12 August 2019 Fotios Katsoulas

Crude Oil on VLCC's

With oil prices deepening fast, it has become clear that employment has been increasing in the VLCC market, even older units have secured voyages lately, as some charterers have started accepting previously discounted and avoided vessels. As data by IHS Markit Commodities at Sea shows crude oil carried on VLCCs has increased dramatically since a month ago, having reached levels last seen in late 2018 early 2019. The limited availability of open ships in the Middle East Gulf (MEG), together with more ballasters moving to other exporting regions, due to the concern among some owners around the tensions in the region, has further supported the market. Charterers like SPC and KPC have been booking units slightly above or below WS 50 for cargoes from the MEG to Far East. As the sentiment is strong, the premium for Singapore has been marginally widening.

VLCC Spot Rates MEG to East

It took less than two weeks for the TCE of a VLCC carrying crude oil from the Middle East Gulf to the Far East or South-East Asia to more than double, the rate went from USD 11,200 per day to USD 31,000 per day. What a nice surprise for shipowners who have been struggling with low freight rates last month. Demand seems to have strengthened dramatically in all major exporting areas, while the cost of bunker has been falling. TD3C gained more than ten points, currently standing at mid-50s. It's the same story to tell for VLCCs loading from West Africa and heading East. A VLCC can now be fixed to load from WAF for at least USD 30,000 per day, double as much as it would have recieved a week earlier. Charterers like Unipec and BP have been very active in the region lately.

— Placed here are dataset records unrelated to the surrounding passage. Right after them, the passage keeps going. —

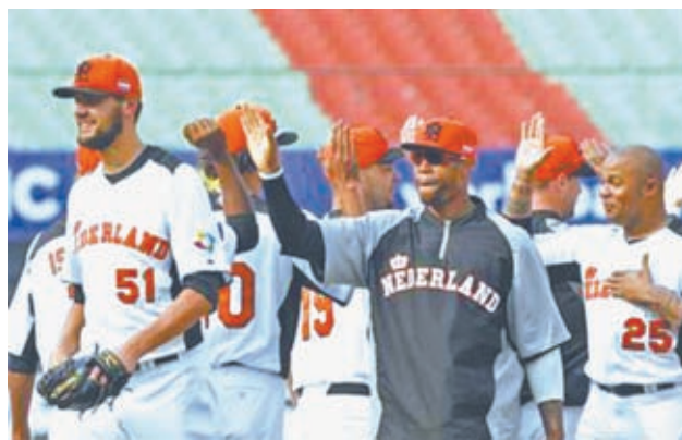
Netherlands' players celebrate after defeating Australia at their World Baseball Classic (WBC) qualifying first round game in Taichung on 5 March, 2013.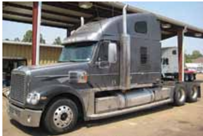
2007 Freightliner CC13264 Coronado, 70" Condo Sleeper, DDC 14.0 Detroit Engine, 515 HP, 13 Spd Overdrive, Engine Brake, Air Ride Suspension, All Aluminum Wheels, Tandem Axle, 596,330 Miles. (7PY2309-TYL-2)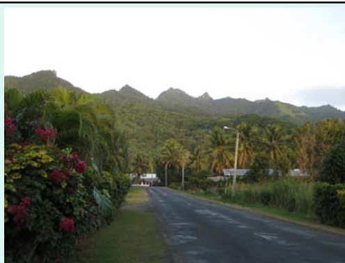
On the way to the clinic

VLCC Spot Rates: WAF to China

Focusing on activity in the US Gulf, freights both for imports and exports have improved. However, TCE for TD1 remains negative, having approached USD -1,000 per day, much better than levels around USD -11,500 per day, the average of July's last decade. Meanwhile, a VLCC carrying American crude oil to the Far East is now getting fixed for around USD 31,500 per day, USD 12,000 higher than a week ago. However, the sentiment hasn't improved much, as activity is expected to slow down once again later this month, at least in the short-term. The last quarter of 2019 might be much better, but only time will tell if we just experienced the beginning of the long-anticipated recovery of VLCC rates. For now, most owners are simply enjoying the higher daily earnings, which they haven't seen since late June.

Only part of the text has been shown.